В числе ожидавших находился и Андрей Григорьевич Свияжский, имевший надобность повидаться с Орловым по каким-то своим комиссариатским делам. Он был во всех регалиях и имел торжественный вид. Графа он знал давно, еще в то время, когда Григорий Григорьевич был простым артиллерийским офицером, славившимся своею силою, отвагою, мальчишескими проказами, красотою и кутежами. Братья Орловы бывали у Свияжского в доме, и сам он запросто был принимаем у них как старый знакомый, но все же, когда старику приходилось с Григорием Орловым говорить о делах, он чувствовал какую-то жуть от упорного, открытого взгляда красивых глаз графа, и потому деловые визиты к графу были для Свияжского очень тягостны.
Сегодняшний же визит усугублялся тем обстоятельством, что, помимо доклада, Андрей Григорьевич намеревался обратиться к Орлову с просьбой.
Дело в том, что он решил принять участие и помочь Александру Васильевичу, пока имя елизаветградского провинциала еще не поросло травою забвения и было на многих устах.
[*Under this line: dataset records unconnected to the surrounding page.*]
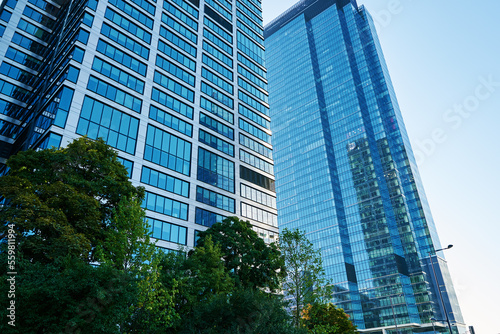 Detail of glass office building facade with reflections. Modern city architecture
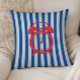 Throw pillow with vintage alarm clock illustration on a blue striped background. Perfect for dorm rooms.
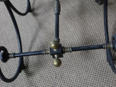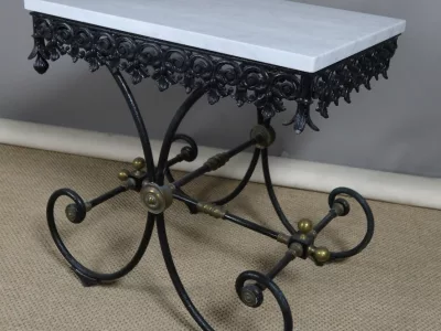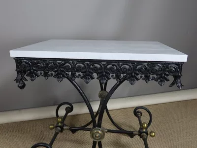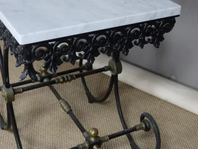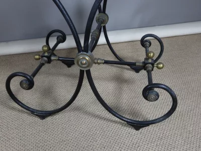Mesa de carnicero en hierro forjado, latón y hierro fundido. Principios del siglo XIX. Ligeramente dañado en el lateral (falta tulipán). Mármol en perfecto estado.
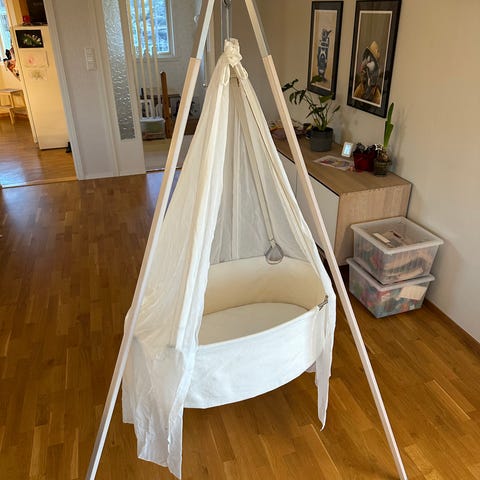 Kjempefin vugge fra Monte Rockwell, svært pent brukt. Medfølger vanntettmadrass og laken fra Stokke.
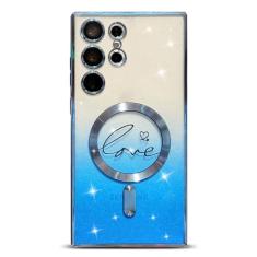 Lcenbk Capa magnética compatível com MagSafe Samsung Galaxy S24 Ultra 5 g Luxuosa Bling Gradiente Glitter Clear Plated Love Hearts Cover com protetor de câmera amortecedor macio à prova de choque

Хлопотать теперь было, по мнению опытного в житейских комбинациях старика, и удобнее, и полезнее для него самого, для Свияжского: он знал, что присоединить свою личность к более или менее замеченному человеку бывает часто небезвыгодно.
Разговаривая с каким-то вельможей, сверкавшим орденскими звездами, но ожидавшим с кротостью агнца очереди войти в заветный кабинет, Свияжский, черед которого наступил, ожидал нетерпеливо и беспокойно легкого шума отворяемой двери.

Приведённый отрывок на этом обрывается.